• _What to do_: Find the line with "Pretty still life" in the entries below, then output every line from it down to the line with "Botín elaborado en", exactly and with no pictures.

• _Input_:
▬▬▬▬▬▬▬▬▬▬

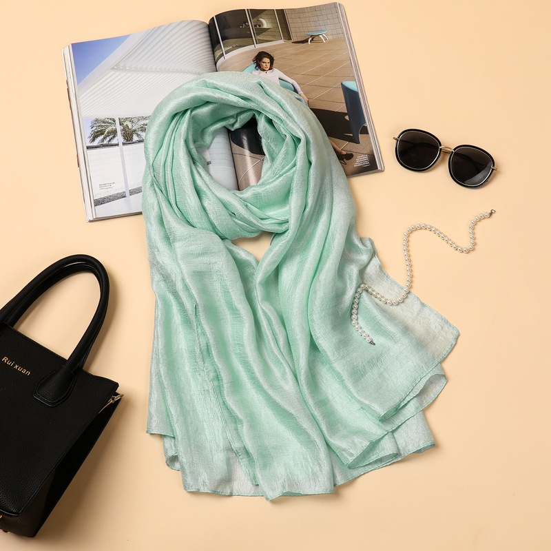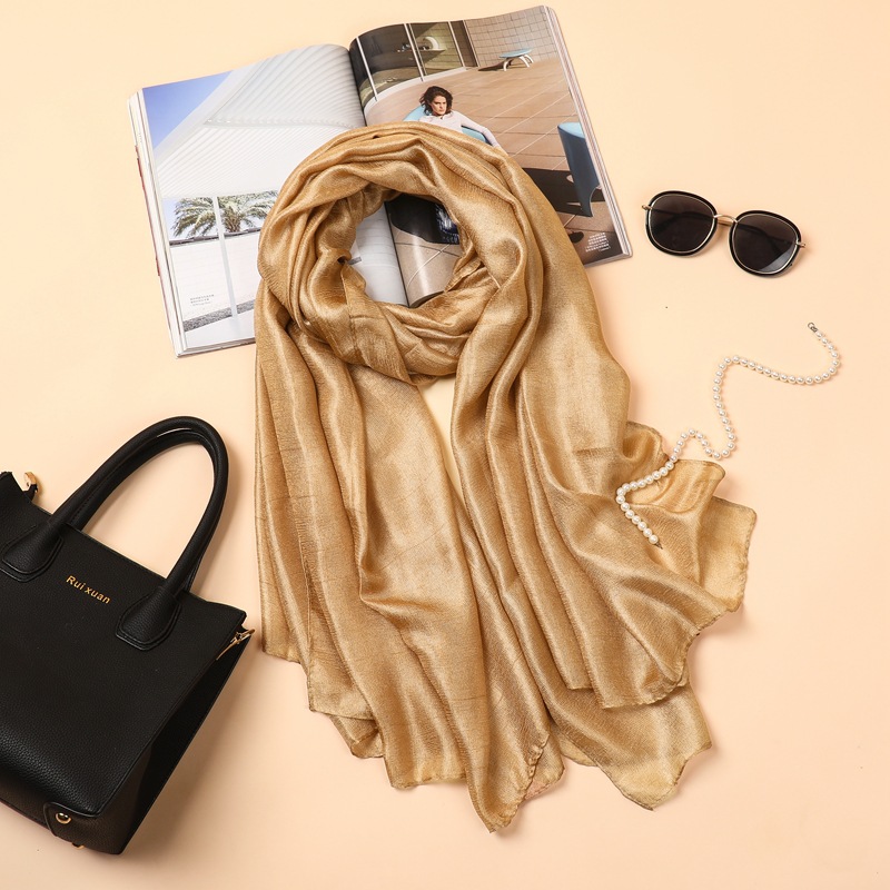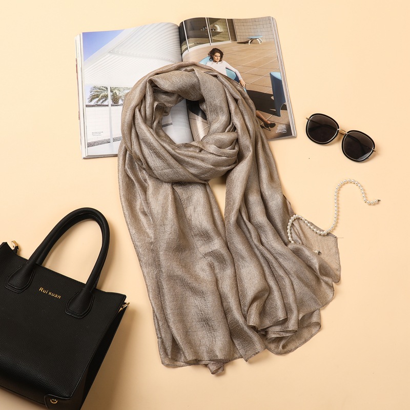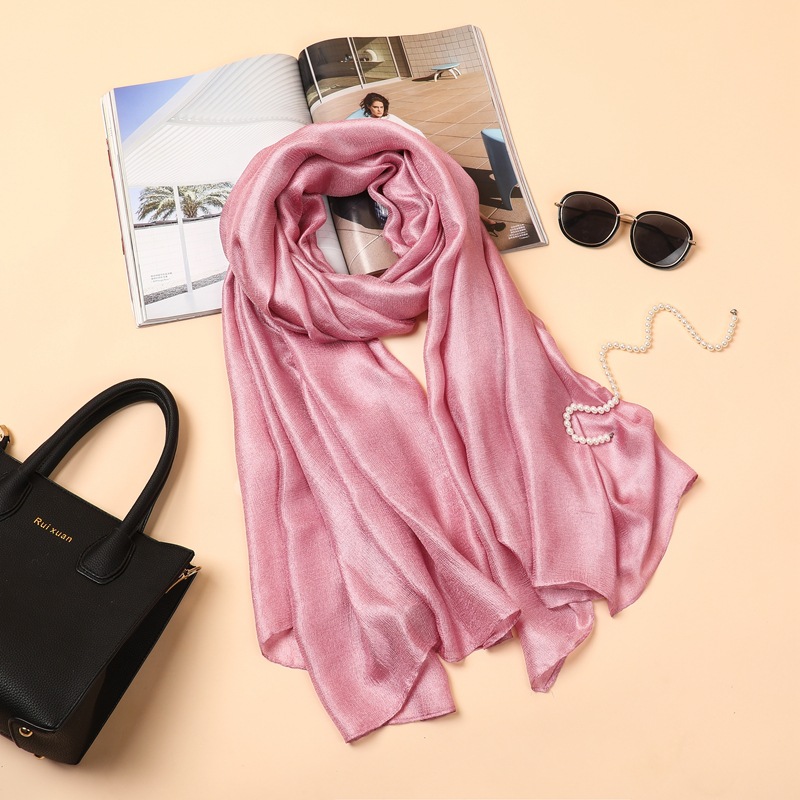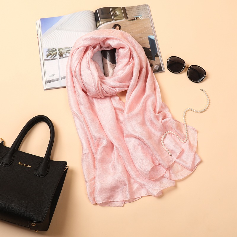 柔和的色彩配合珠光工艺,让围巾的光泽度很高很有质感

▬▬▬▬▬▬▬▬▬▬

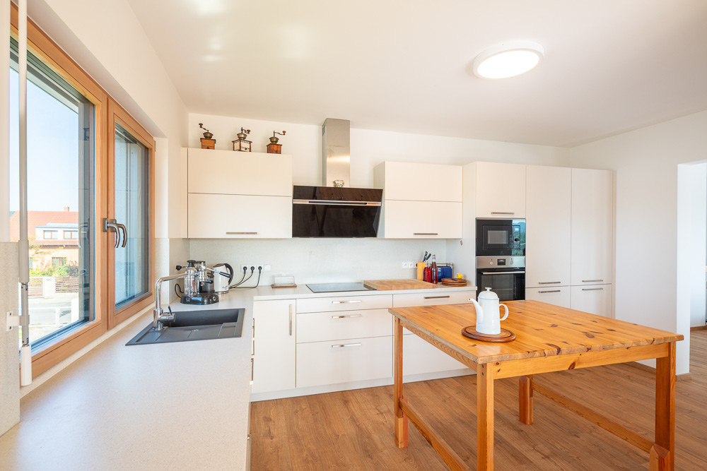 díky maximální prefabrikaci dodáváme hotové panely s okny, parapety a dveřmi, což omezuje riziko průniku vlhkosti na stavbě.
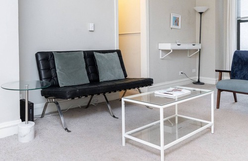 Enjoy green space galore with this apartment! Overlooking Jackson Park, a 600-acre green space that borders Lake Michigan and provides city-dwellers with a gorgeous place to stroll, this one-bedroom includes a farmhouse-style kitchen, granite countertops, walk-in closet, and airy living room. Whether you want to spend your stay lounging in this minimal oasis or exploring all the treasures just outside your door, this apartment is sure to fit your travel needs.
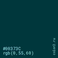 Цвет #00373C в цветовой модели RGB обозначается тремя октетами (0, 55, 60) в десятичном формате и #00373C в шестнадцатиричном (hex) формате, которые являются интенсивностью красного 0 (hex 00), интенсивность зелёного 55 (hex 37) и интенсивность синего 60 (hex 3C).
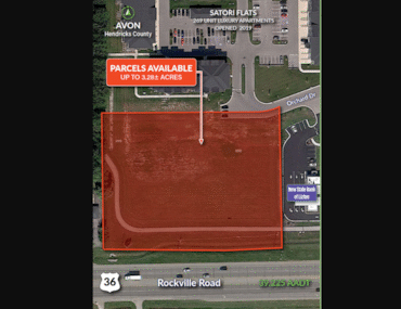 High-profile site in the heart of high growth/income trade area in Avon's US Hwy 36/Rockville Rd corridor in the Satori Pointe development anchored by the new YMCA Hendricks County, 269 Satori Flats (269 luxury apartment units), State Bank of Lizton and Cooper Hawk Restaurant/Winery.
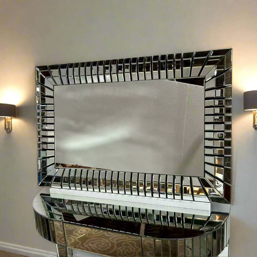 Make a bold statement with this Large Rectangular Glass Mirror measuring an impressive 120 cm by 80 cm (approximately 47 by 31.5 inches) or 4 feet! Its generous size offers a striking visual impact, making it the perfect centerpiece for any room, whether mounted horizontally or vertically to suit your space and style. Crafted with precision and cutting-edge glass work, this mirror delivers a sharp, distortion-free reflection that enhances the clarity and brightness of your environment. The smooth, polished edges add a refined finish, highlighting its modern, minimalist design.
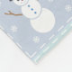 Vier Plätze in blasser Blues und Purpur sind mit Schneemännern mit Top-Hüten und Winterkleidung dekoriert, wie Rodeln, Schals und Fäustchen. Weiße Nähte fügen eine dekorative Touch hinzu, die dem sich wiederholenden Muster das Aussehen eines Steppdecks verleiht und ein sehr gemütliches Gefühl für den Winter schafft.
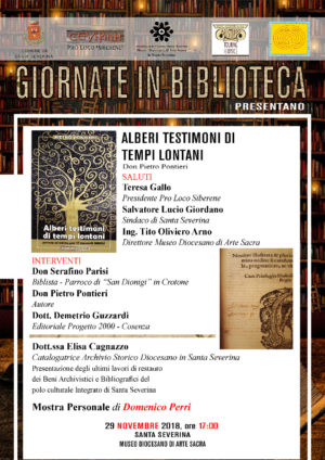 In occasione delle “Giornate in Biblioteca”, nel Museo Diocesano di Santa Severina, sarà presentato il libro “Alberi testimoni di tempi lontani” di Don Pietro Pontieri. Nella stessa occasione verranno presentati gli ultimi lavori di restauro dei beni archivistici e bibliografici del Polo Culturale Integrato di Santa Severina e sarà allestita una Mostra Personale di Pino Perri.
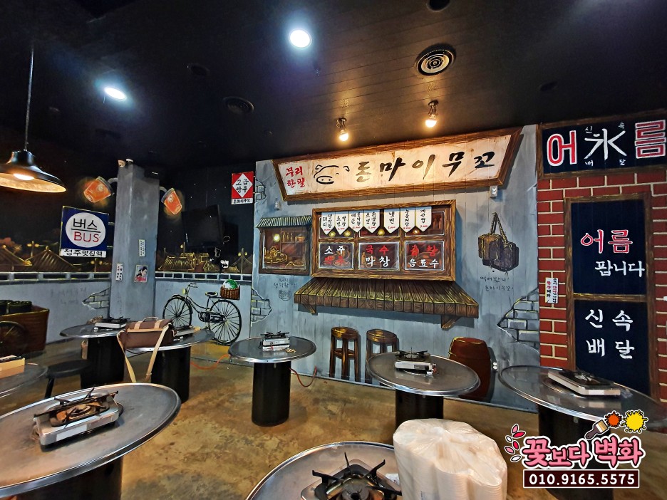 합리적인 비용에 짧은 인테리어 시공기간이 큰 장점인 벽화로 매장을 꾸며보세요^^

▬▬▬▬▬▬▬▬▬▬

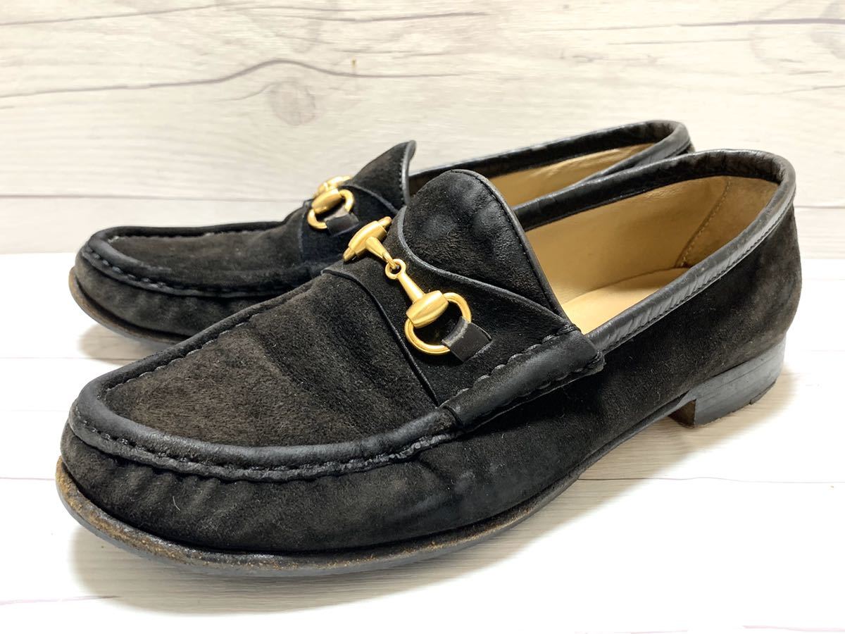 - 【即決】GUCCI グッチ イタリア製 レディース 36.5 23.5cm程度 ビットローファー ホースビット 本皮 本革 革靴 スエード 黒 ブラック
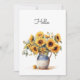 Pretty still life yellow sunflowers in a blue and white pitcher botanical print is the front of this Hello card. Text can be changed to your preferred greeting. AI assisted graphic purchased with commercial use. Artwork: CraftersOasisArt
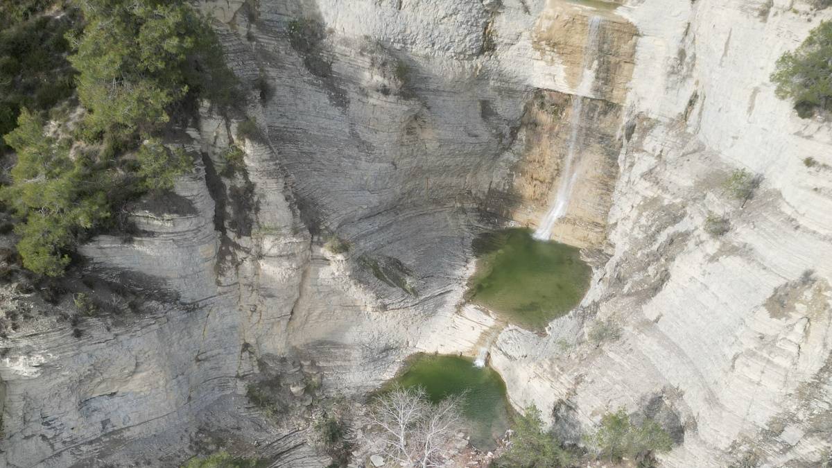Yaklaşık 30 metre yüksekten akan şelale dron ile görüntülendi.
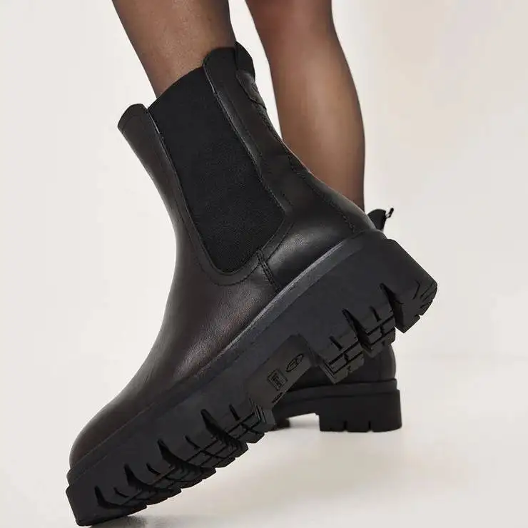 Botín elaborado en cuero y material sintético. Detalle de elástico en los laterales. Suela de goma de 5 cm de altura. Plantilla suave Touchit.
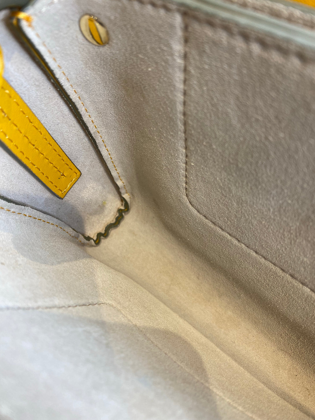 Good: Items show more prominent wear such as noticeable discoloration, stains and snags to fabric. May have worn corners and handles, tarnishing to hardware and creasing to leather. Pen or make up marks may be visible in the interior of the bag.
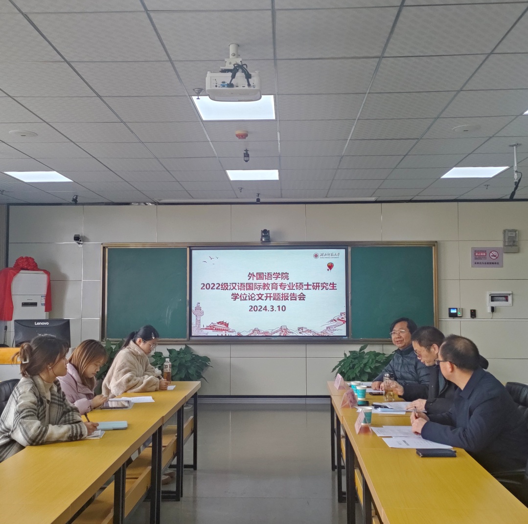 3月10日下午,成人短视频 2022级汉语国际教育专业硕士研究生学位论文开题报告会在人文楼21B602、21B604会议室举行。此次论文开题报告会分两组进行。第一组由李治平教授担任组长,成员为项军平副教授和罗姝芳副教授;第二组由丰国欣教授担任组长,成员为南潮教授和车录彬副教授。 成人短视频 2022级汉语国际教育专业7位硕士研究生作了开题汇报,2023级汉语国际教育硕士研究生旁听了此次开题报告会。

▬▬▬▬▬▬▬▬▬▬

• _Answer space_:
 Pretty still life yellow sunflowers in a blue and white pitcher botanical print is the front of this Hello card. Text can be changed to your preferred greeting. AI assisted graphic purchased with commercial use. Artwork: CraftersOasisArt
Yaklaşık 30 metre yüksekten akan şelale dron ile görüntülendi.
 Botín elaborado en cuero y material sintético. Detalle de elástico en los laterales. Suela de goma de 5 cm de altura. Plantilla suave Touchit.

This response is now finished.